§ **What needs to be done**: For the entries below, repeat exactly each line starting with the one that contains "ビジネス事務スキルを習得できる" and going on through the one that contains "Imagen de la silla", and no others.

━━━━━ Given information ━━━━━

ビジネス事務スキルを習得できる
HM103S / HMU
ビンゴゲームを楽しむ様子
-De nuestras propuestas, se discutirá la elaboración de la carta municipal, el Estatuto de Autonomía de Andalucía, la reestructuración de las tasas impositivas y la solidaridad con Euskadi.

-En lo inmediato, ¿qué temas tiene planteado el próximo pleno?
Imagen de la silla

━━━━━
━━━━━ Given information ━━━━━

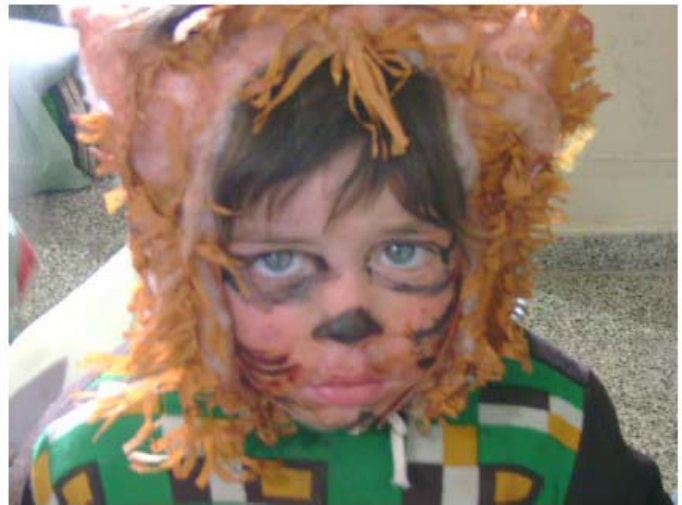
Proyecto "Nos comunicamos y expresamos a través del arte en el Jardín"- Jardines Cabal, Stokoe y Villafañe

━━━━━
━━━━━ Given information ━━━━━

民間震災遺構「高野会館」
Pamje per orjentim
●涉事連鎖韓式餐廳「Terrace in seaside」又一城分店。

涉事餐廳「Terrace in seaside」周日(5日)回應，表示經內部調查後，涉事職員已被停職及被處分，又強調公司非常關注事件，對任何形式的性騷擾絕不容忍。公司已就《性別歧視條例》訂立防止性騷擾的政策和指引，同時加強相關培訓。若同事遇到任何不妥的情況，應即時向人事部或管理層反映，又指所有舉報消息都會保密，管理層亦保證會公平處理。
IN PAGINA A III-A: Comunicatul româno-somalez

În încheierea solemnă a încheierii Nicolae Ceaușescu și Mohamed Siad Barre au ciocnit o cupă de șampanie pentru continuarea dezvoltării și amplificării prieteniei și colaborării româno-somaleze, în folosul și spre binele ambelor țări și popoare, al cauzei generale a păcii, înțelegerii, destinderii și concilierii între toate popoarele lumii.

━━━━━

§ **Final answer**:
ビジネス事務スキルを習得できる
HM103S / HMU
ビンゴゲームを楽しむ様子
-De nuestras propuestas, se discutirá la elaboración de la carta municipal, el Estatuto de Autonomía de Andalucía, la reestructuración de las tasas impositivas y la solidaridad con Euskadi.

-En lo inmediato, ¿qué temas tiene planteado el próximo pleno?
Imagen de la silla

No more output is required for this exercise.